This should have been the signal for a surge of interest in
the contemporary gothic scene, but my own observation was that current goth
acts struggled to attract a crowd, particularly when the “heritage” acts were
in town the same month. As in recent previous years, the best chance seemed to
be for those bands who managed to get a support slot with one of the more
established bands, with A Cloud of Ravens being particularly successful in this
respect, bagging show-opening rights on tours by The Sisters of Mercy and Clan
of Xymox, but such examples were sadly rare over the year.
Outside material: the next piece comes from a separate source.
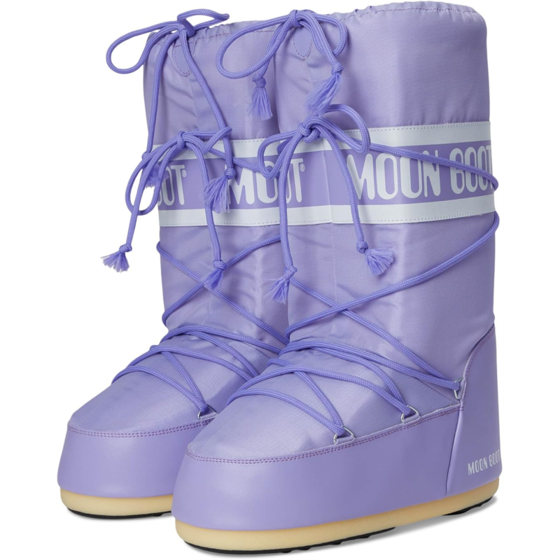 - Iconic design, unmatched warmth in the MOON BOOT Icon Nylon! Elevate your snow style with a durable nylon upper and knee-high design that conquers the cold. Experience the perfect blend of comfort and support with a PU insole and grippy rubber outsole, keeping you steady on icy terrain. The round toe and lace-up closure provide a snug fit, making these snow boots as functional as they are fashionable.

Perhaps one of the main reasons for the mainstream failing
to take an interest in newer goth acts, whilst wallowing in the pervading
nostalgia, was the fact that many of the leading lights on the current scene
took a studio sabbatical in 2023: well-established artists with multi-album
careers, such as She Past Away, Then Comes Silence, Kaelan Mikla, Diavol Strain
and Whispering Sons didn’t manage an album between them during 2023, although
most are planning new releases next year.
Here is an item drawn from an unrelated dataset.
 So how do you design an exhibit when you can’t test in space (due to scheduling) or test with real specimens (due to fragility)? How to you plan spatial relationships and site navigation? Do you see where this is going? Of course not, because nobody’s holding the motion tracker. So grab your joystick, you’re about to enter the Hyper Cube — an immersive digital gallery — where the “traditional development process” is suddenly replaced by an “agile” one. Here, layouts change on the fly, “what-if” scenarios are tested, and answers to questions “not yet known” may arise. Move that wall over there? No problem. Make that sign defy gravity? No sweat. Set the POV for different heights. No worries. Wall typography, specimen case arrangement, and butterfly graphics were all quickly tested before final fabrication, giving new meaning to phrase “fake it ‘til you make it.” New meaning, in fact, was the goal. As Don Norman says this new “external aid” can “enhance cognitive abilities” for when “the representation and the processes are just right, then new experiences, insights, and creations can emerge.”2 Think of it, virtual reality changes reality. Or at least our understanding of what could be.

In their stead, some of the more recent acts of the current
wave took the opportunity to step up a level and stake their claim to higher
status within the scene, as most of the bands featuring in this rundown of the
best LPs of 2023 in the goth genre were not newcomers to the scene, but on
their second or third albums already, and having found their musical feet, now
producing the best music of their careers.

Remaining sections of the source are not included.